DATA SECTION Block Start

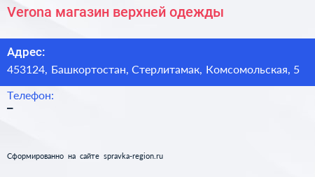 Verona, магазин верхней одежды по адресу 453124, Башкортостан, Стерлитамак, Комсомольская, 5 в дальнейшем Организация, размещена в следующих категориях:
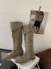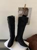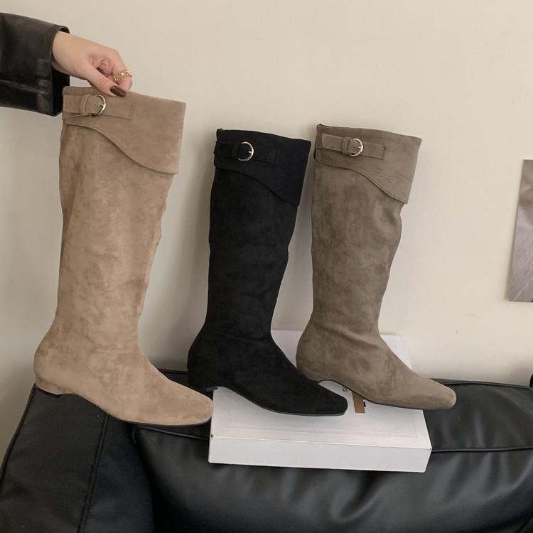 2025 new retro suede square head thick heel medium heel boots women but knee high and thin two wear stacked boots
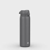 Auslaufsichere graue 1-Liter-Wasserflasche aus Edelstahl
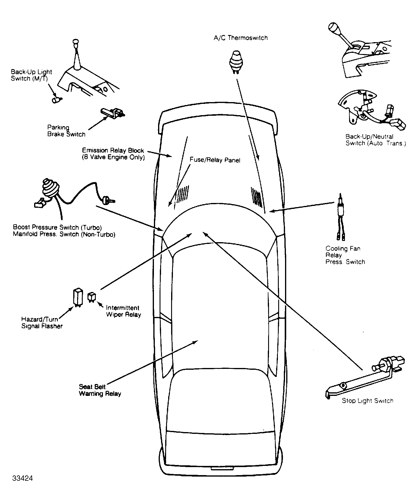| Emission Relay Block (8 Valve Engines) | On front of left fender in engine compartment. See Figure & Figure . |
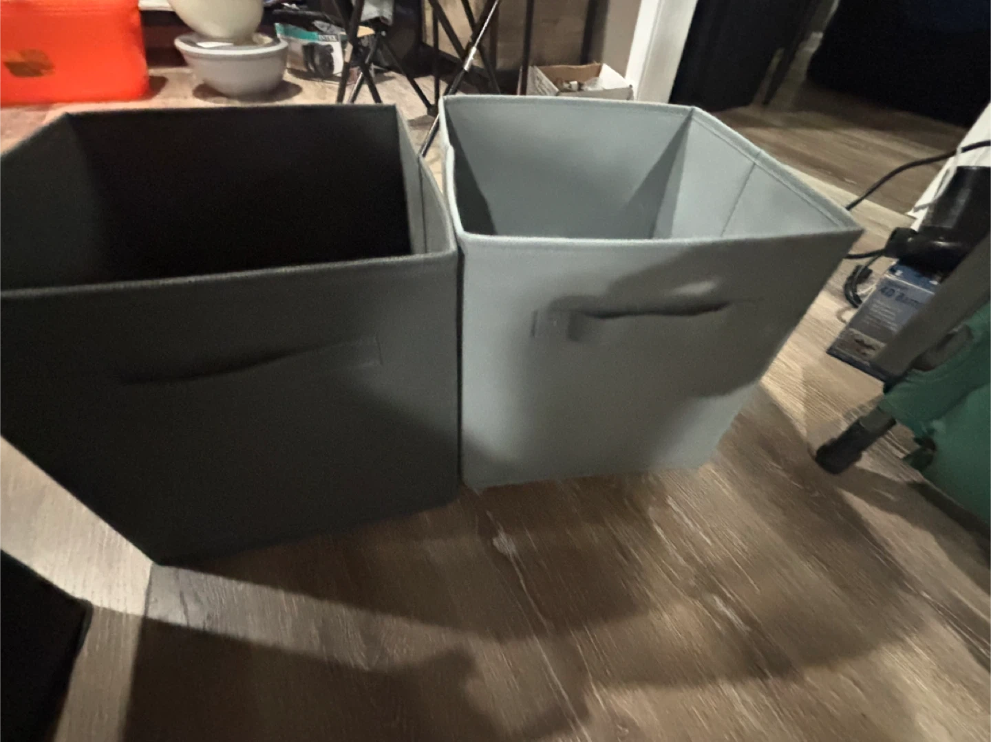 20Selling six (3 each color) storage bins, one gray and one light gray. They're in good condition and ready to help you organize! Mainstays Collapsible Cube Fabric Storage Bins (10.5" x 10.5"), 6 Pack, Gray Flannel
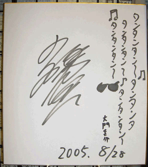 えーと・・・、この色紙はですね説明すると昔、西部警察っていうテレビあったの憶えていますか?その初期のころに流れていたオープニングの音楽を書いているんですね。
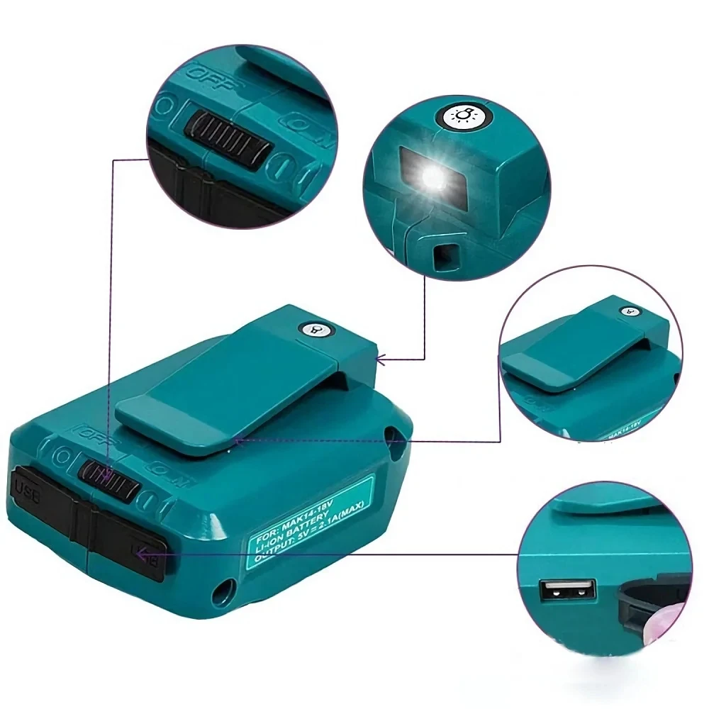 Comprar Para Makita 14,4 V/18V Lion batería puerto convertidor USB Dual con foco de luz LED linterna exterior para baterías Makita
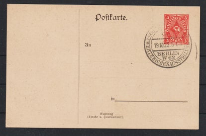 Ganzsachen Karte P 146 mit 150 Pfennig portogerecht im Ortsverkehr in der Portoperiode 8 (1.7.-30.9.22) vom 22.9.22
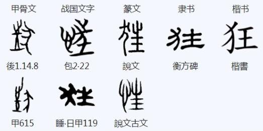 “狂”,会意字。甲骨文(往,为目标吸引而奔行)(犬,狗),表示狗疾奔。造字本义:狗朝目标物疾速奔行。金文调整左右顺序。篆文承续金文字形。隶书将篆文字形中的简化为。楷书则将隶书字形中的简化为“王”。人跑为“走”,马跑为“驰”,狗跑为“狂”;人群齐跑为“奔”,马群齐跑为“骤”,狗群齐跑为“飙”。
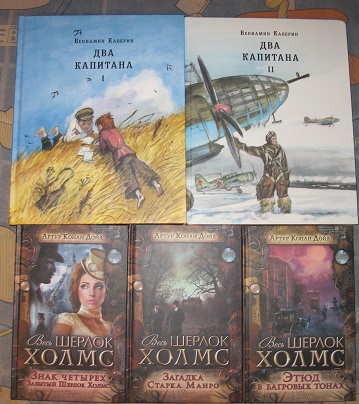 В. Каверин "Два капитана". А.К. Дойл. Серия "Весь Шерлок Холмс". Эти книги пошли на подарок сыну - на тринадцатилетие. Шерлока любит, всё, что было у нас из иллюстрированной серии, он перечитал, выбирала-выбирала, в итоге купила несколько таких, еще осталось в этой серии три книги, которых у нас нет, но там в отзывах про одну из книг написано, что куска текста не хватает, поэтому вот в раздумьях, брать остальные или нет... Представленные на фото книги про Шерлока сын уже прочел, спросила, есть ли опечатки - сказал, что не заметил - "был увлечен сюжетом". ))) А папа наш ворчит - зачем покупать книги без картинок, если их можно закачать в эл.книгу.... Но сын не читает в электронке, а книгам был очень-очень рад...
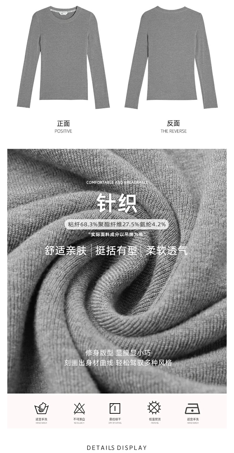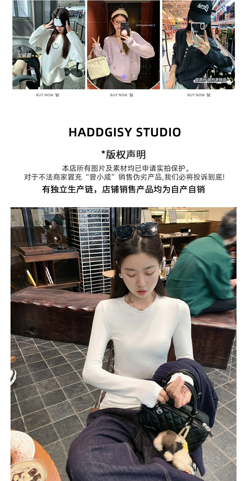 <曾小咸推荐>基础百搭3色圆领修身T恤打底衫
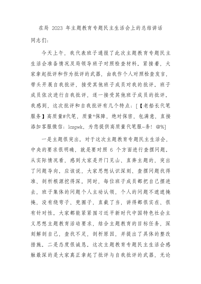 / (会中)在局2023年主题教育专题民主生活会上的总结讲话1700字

DATA SECTION Block End

• EXERCISE REQUIREMENTS:
Although the records contain pictures, restate them word for word with those pictures left out.

• RESPONSE BOX:
 Verona, магазин верхней одежды по адресу 453124, Башкортостан, Стерлитамак, Комсомольская, 5 в дальнейшем Организация, размещена в следующих категориях:
 2025 new retro suede square head thick heel medium heel boots women but knee high and thin two wear stacked boots
 Auslaufsichere graue 1-Liter-Wasserflasche aus Edelstahl
| Emission Relay Block (8 Valve Engines) | On front of left fender in engine compartment. See Figure & Figure . |
 20Selling six (3 each color) storage bins, one gray and one light gray. They're in good condition and ready to help you organize! Mainstays Collapsible Cube Fabric Storage Bins (10.5" x 10.5"), 6 Pack, Gray Flannel
 えーと・・・、この色紙はですね説明すると昔、西部警察っていうテレビあったの憶えていますか?その初期のころに流れていたオープニングの音楽を書いているんですね。
 Comprar Para Makita 14,4 V/18V Lion batería puerto convertidor USB Dual con foco de luz LED linterna exterior para baterías Makita
 Ganzsachen Karte P 146 mit 150 Pfennig portogerecht im Ortsverkehr in der Portoperiode 8 (1.7.-30.9.22) vom 22.9.22
 “狂”,会意字。甲骨文(往,为目标吸引而奔行)(犬,狗),表示狗疾奔。造字本义:狗朝目标物疾速奔行。金文调整左右顺序。篆文承续金文字形。隶书将篆文字形中的简化为。楷书则将隶书字形中的简化为“王”。人跑为“走”,马跑为“驰”,狗跑为“狂”;人群齐跑为“奔”,马群齐跑为“骤”,狗群齐跑为“飙”。
 В. Каверин "Два капитана". А.К. Дойл. Серия "Весь Шерлок Холмс". Эти книги пошли на подарок сыну - на тринадцатилетие. Шерлока любит, всё, что было у нас из иллюстрированной серии, он перечитал, выбирала-выбирала, в итоге купила несколько таких, еще осталось в этой серии три книги, которых у нас нет, но там в отзывах про одну из книг написано, что куска текста не хватает, поэтому вот в раздумьях, брать остальные или нет... Представленные на фото книги про Шерлока сын уже прочел, спросила, есть ли опечатки - сказал, что не заметил - "был увлечен сюжетом". ))) А папа наш ворчит - зачем покупать книги без картинок, если их можно закачать в эл.книгу.... Но сын не читает в электронке, а книгам был очень-очень рад...
 <曾小咸推荐>基础百搭3色圆领修身T恤打底衫
 / (会中)在局2023年主题教育专题民主生活会上的总结讲话1700字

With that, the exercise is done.